Minister of Agriculture, Forests and Environment
- Incumbent
- Assumed office 14 May 2026
- President: Ram Chandra Poudel
- Prime Minister: Balendra Shah
- Preceded by: Position established

Minister of Agriculture and Livestock Development
- In office 27 March 2026 – 14 May 2026
- President: Ram Chandra Poudel
- Prime Minister: Balendra Shah
- Preceded by: Madan Prasad Pariyar
- Succeeded by: Ministry dissolved (succeeded by Ministry of Agriculture, Forests and Environment)

Minister of Forests and Environment
- In office 27 March 2026 – 14 May 2026
- Preceded by: Madhav Chaulagain
- Succeeded by: Ministry dissolved (succeeded by Ministry of Agriculture, Forests and Environment)

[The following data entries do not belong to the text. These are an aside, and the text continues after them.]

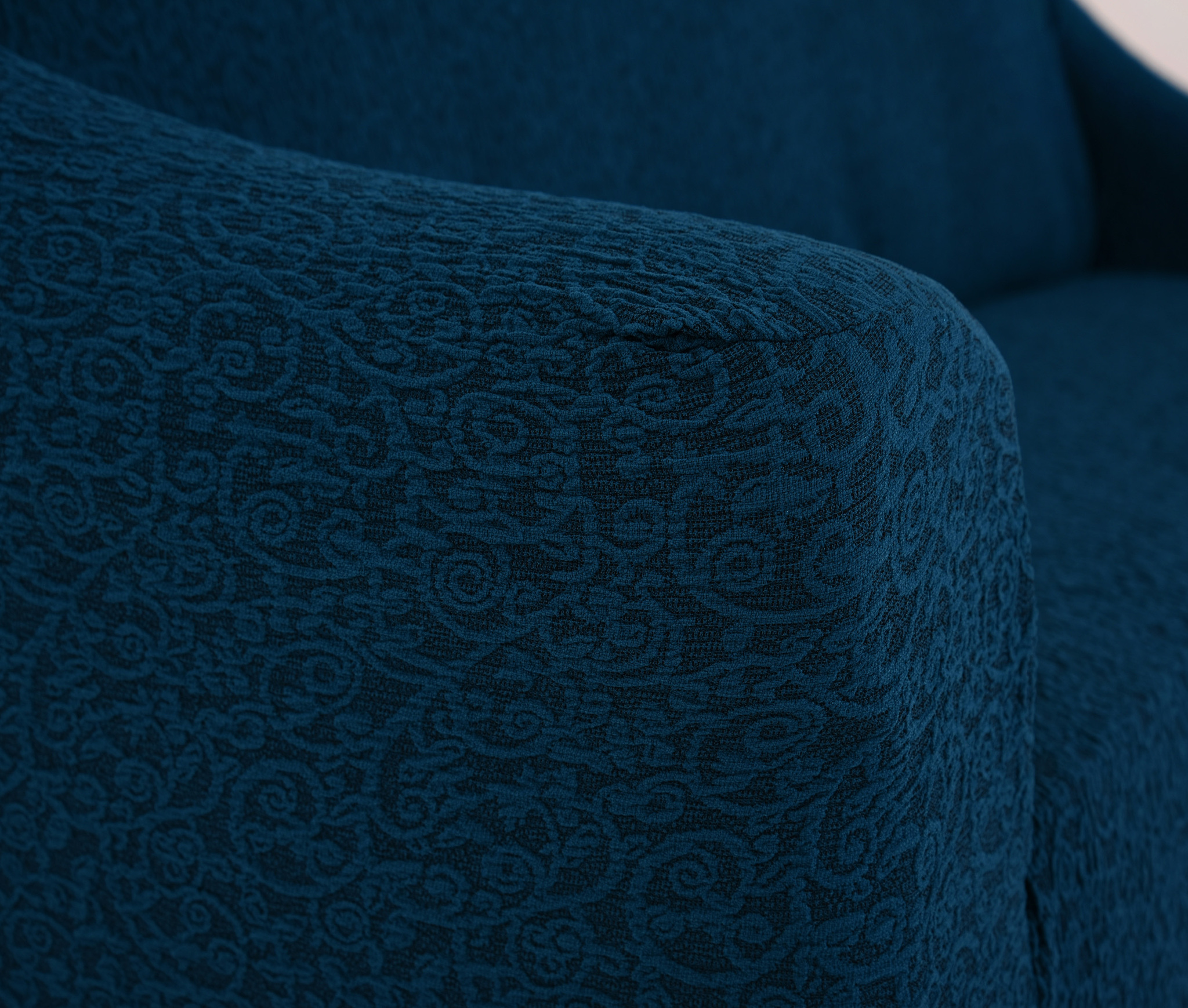 Чехол Жаккард из эластичной трикотажной ткани с узором подойдет на трехместный диван практически любой конфигурации.
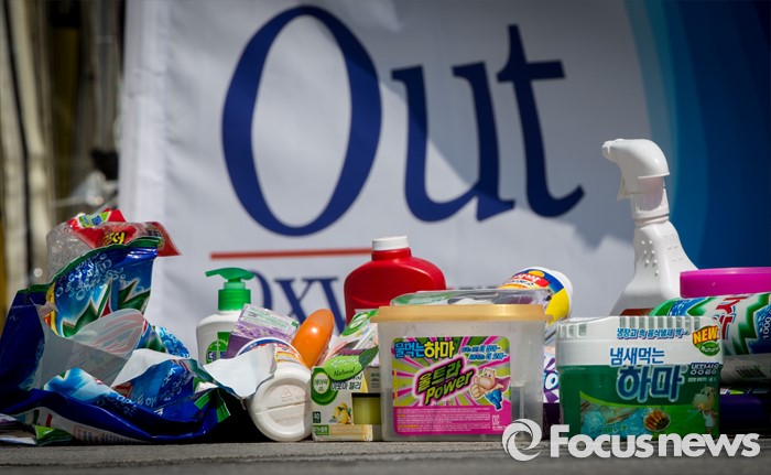 (서울=포커스뉴스) 17일 오전 서울 광화문광장에서 열린 '옥시 불매, 사업장 옥시 OUT' 선언 기자회견장에 옥시 제품들이 내팽개쳐저 있다.
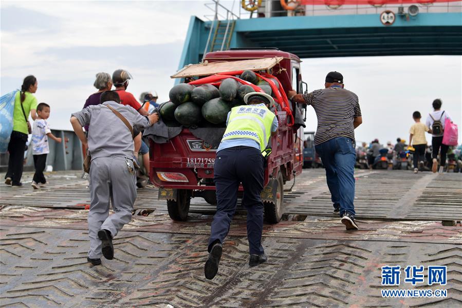 在江西省九江市柴桑区江新洲的渡口,部分居民登上渡轮撤离(7月12日摄)。新华社记者彭昭之摄

Member of Parliament, Pratinidhi Sabha
- Incumbent
- Assumed office 26 March 2026
- Constituency: Party list

Personal details
- Born: Shuklaphanta Municipality, Kanchanpur District, Nepal
- Party: Rastriya Swatantra Party
- Education: Nepal Law Campus (LLB, LLM)
- Profession: Lawyer; Social Activist; Politician;

= Geeta Chaudhary =

Nepalese politician

Gita Chaudhary is a Nepalese politician and lawyer serving as a minister of agriculture and livestock development and forests and environment under the prime minister, Balen Shah.

She is a member of parliament from the Rastriya Swatantra Party.

== Political career ==
Chaudhary was elected to the Pratinidhi Sabha from Rastriya Swatantra Party at the 2026 general election. She was elected from the party list under the Tharu female cluster.